Collected data entries:
※

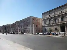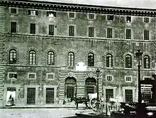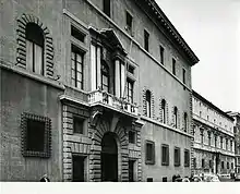 After Raphael's death, the building was sold to the Cardinal of Ancona, Pietro Accolti, who already owned another palazzo on via Alessandrina, separated from the building through a house which the Cardinal bought later.[5] After the death of the Cardinal, the palace was inherited by his nephew Benedetto, Cardinal of Ravenna.[5] Accused of corruption, the Cardinal was imprisoned in Castel Sant'Angelo in 1534 and released after paying a fine of 59,000 scudi to the Apostolic Chamber.[6] The cardinal had to borrow the huge sum from the Florentine bankers Giulio and Lorenzo Strozzi, who later acquired his palace for 6,000 scudi as partial reimbursement of the loan.[6] However, the Cardinal reserved the right to redeem the building after repaying his creditors, and this led to a lawsuit between his heirs and the heirs of the Strozzi. The latter won, but in 1576 they were forced to sell the building, which was crumbling and whose walls had been shored up, to Cardinal Giovanni Francesco Commendone.[6][7]
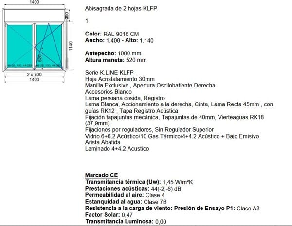 Os pongo unas fotos de las características que nos han presupestado para que las veáis, nos pondrían en todas oscilobatienes, menos una corredera por que es muy grande ( 3 metros )
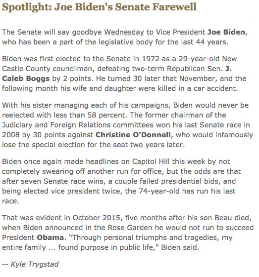 Spotlight: @JoeBiden’s Senate Farewell (via @KyleTrygstad) http://bit.ly/2h6yEGP pic.twitter.com/3U07J4Sc1m
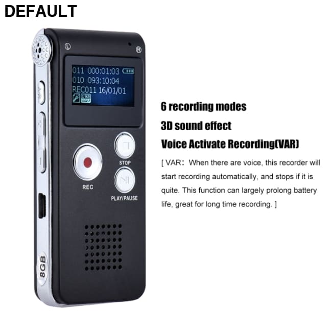 USB Voice Recorder Professional Dictaphone WAV MP3 Player VAR Record Digital Audio Recording Device 8GB / Black
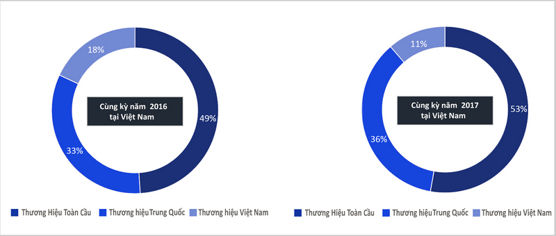 Các thương hiệu Trung Quốc và toàn cầu đang tích cực hơn trong việc chi vào các hoạt động tiếp thị và quảng cáo trong khi các thương hiệu Việt Nam có ít ngân sách hơn để đầu tư vào phát triển thương hiệu. Đây là điều dễ hiểu, vì thương hiệu Việt dễ bị vượt qua do khả năng tài chính và kinh nghiệm 'đầy mình' của các thương hiệu nước ngoài.
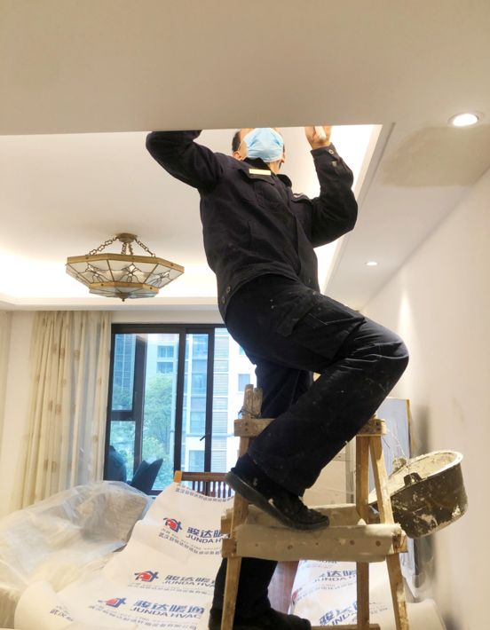 【▲“无痕”施工让明装更隐蔽】虽然是“明装”,却做得像“暗装”,骏达暖通对安装人员有“双重要求”,安装人员不仅熟稔采暖工程施工,同时也拥有多年的泥工经验,在凿开石膏板走完管线后,吊顶能达到百分百的还原标准,使其看起来毫无开凿痕迹。此外,设计师更有巧妙之处,从客厅到次卧的管线,在墙角开了一个斜角直接通到次卧,从而跨过了次卧旁边的储藏室空间,既节省了工序,更是最大限度避免了对墙体的伤害。
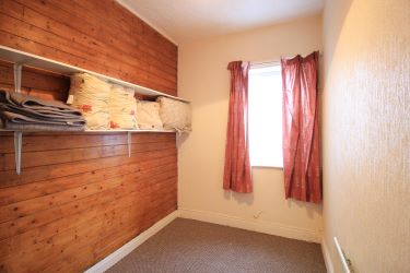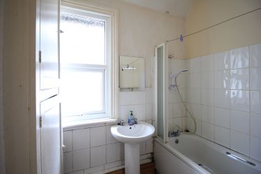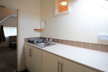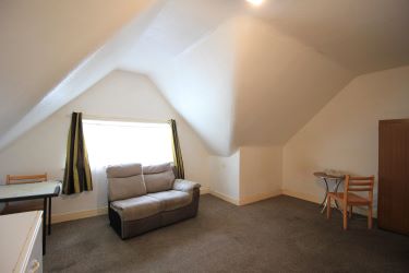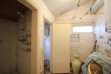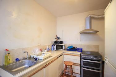 The top floor consists of a single room with a sitting area, a kitchen with fitted units and worktop, and a bathroom with bath and WC. Light is provided by a Velux-style skylight. This floor has a fire door, its own electric card meter, and a small landing with built-in storage cupboards and lighting. (There is no gas central heating radiator on this level.) Stairs lead down to the second floor.
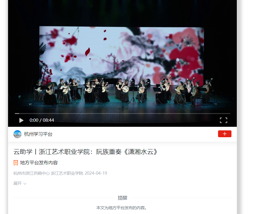 学习强国杭州平台:云助学丨浙江艺术职业学院:阮族重奏《潇湘水云》
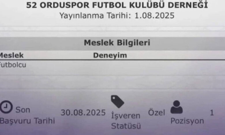 TFF 3. Lig ekiplerinden 52 Orduspor FK, Türkiye İş Kurumu (İŞKUR) üzerinden futbolcu arayışıyla sosyal medyada gündeme oturdu. Kulübün 1 Ağustos 2025 tarihinde İŞKUR internet sitesi üzerinden verdiği futbolcu ilanı, kısa sürede dikkat çekti ve viral hale geldi.
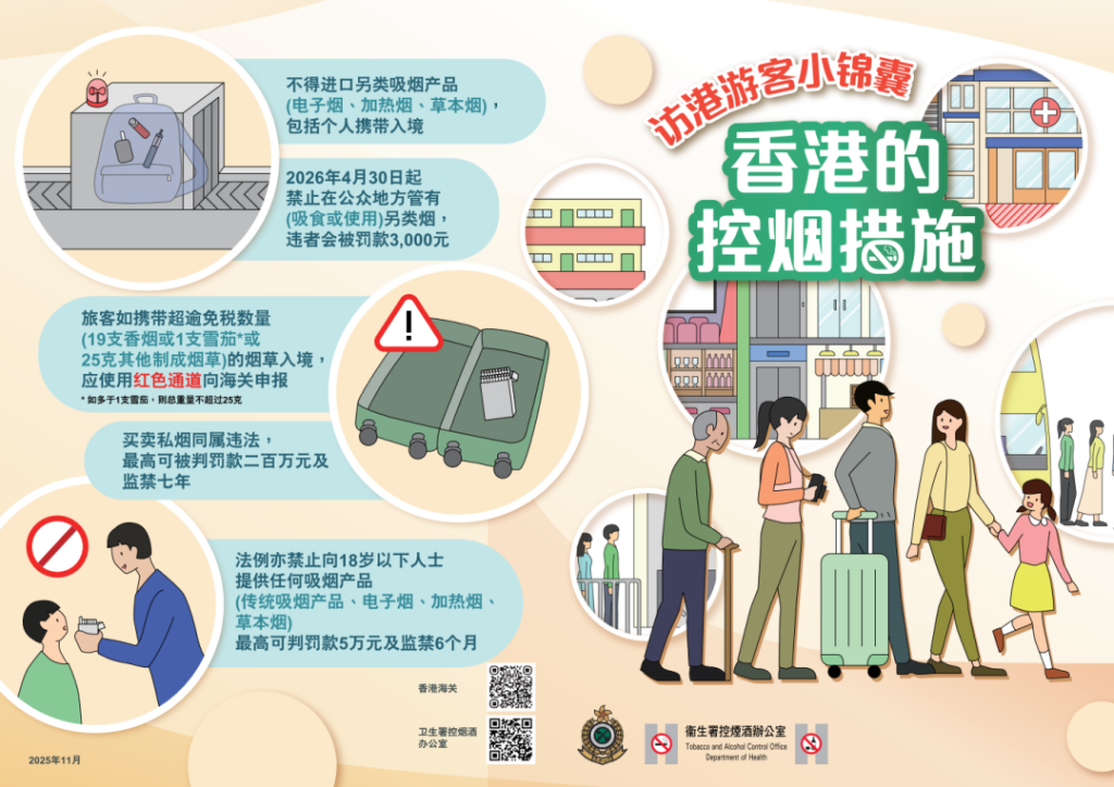 衞生署提醒市民,《2025年控煙法例(修訂)條例》(《修訂條例》)中針對吸煙罪行的其中三項修訂將於2026年1月1日生效。
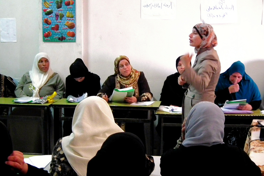 Today the subject was food hygiene. The purpose is to give women the necessary training to start cooperatives and create work for themselves. They were studying microbes, hygiene and infections, as well as nutritional issues, proteins, carbohydrates and balanced diets. They discussed the E. coli
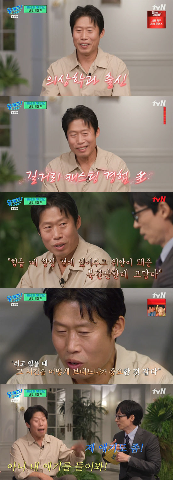 하지만 그런 그도 서울예대 연극과에 두 번 떨어지고 타 대학교 의상과에 진학했다. 이후 27살에 서울예대에 입학한 유해진은 '올A'를 받아 신구 장학금을 받았다. 졸업 후 배우 류승룡과 '동란' 극단생활을 했다는 유해진은 '아르바이트 길거리 캐스팅' 에피소드를 밝혀 웃음을 안겼다. "한 번은 빵을 사러 갔는데 코트를 입은 신사 분이 비데 공장 아르바이트를 제안했다. 친구를 데려오라고 해서 류승룡과 비데 조립을 하면서 이야기를 많이 나눴다"라며 "그런 일이 많았다. 한 번은 오토바이 면허 있냐고 묻더니 혹시 배달해볼 생각 없나고 하더라"고 이야기했고, 이에 조세호는 "길거리 캐스팅을 당하셨다"고 맞장구쳐 웃음을 더했다.
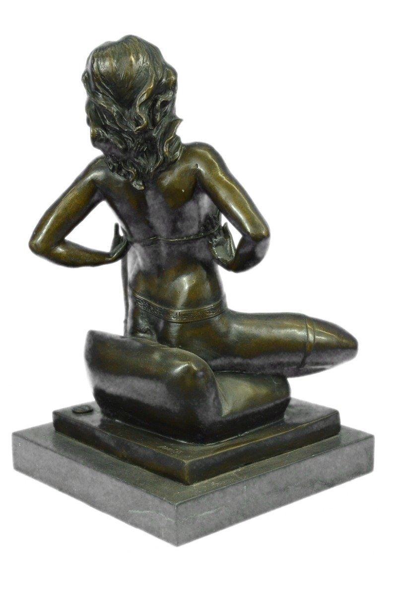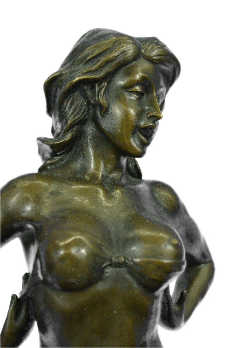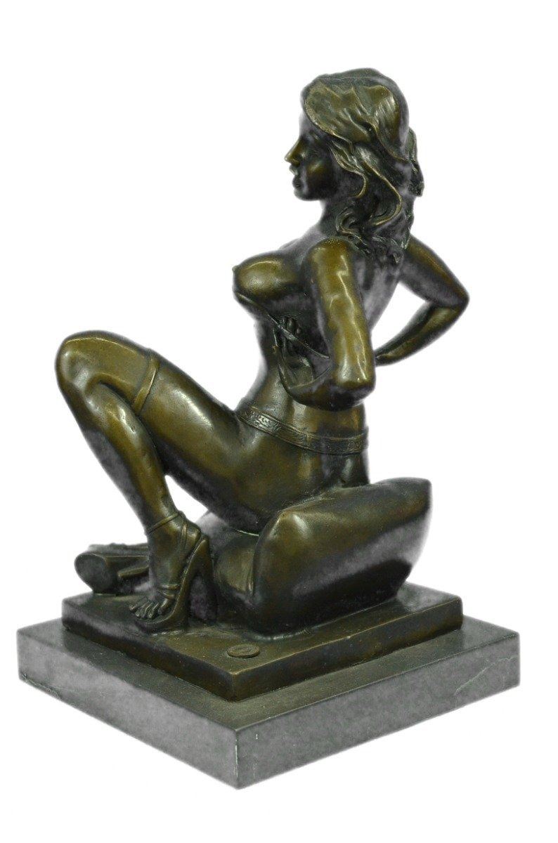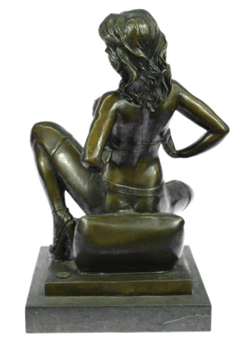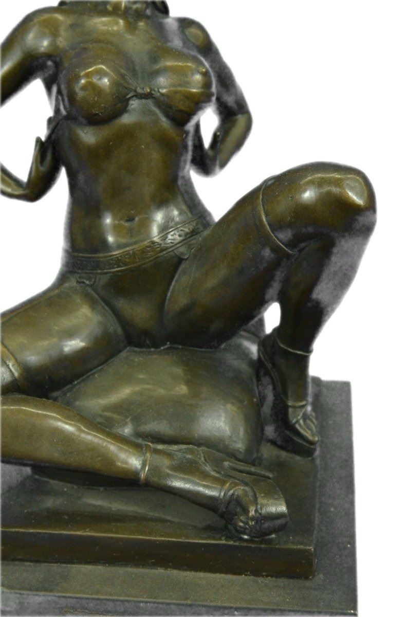 This highly erotic sculpture features a nude female in a very evocative pose exposing all of her body parts. She wears high heels while she is seated on a toilet in the midst of (I leave it to your imagination). Wavy tendrils of hair frame her slender face and by her facial expression, one can readily see that she is enjoying her activity. This piece is definitely a great conversation starter and would make a great gift for yourself or for someone who likes to be amused. Despite its subject matter,this bronze sculpture is still a masterful and fine detailed execution, cast using the lost wax method and is signed Preiss, ensuring a highly detailed work of art that will be a treasure for years to come. Bronze Dimensions with Marble Base: Height 13 X Width 7 inches. Weight: 15 LBS. Inventory: 31Y6155613

※

EXERCISE AIM => Within the data above, repeat exactly the lines from the one bearing "TFF 3. Lig ekiplerinden" through the one bearing "衞生署提醒市民,《2025年". Include no pictures and nothing else.

THE ANSWER =>
 TFF 3. Lig ekiplerinden 52 Orduspor FK, Türkiye İş Kurumu (İŞKUR) üzerinden futbolcu arayışıyla sosyal medyada gündeme oturdu. Kulübün 1 Ağustos 2025 tarihinde İŞKUR internet sitesi üzerinden verdiği futbolcu ilanı, kısa sürede dikkat çekti ve viral hale geldi.
 衞生署提醒市民,《2025年控煙法例(修訂)條例》(《修訂條例》)中針對吸煙罪行的其中三項修訂將於2026年1月1日生效。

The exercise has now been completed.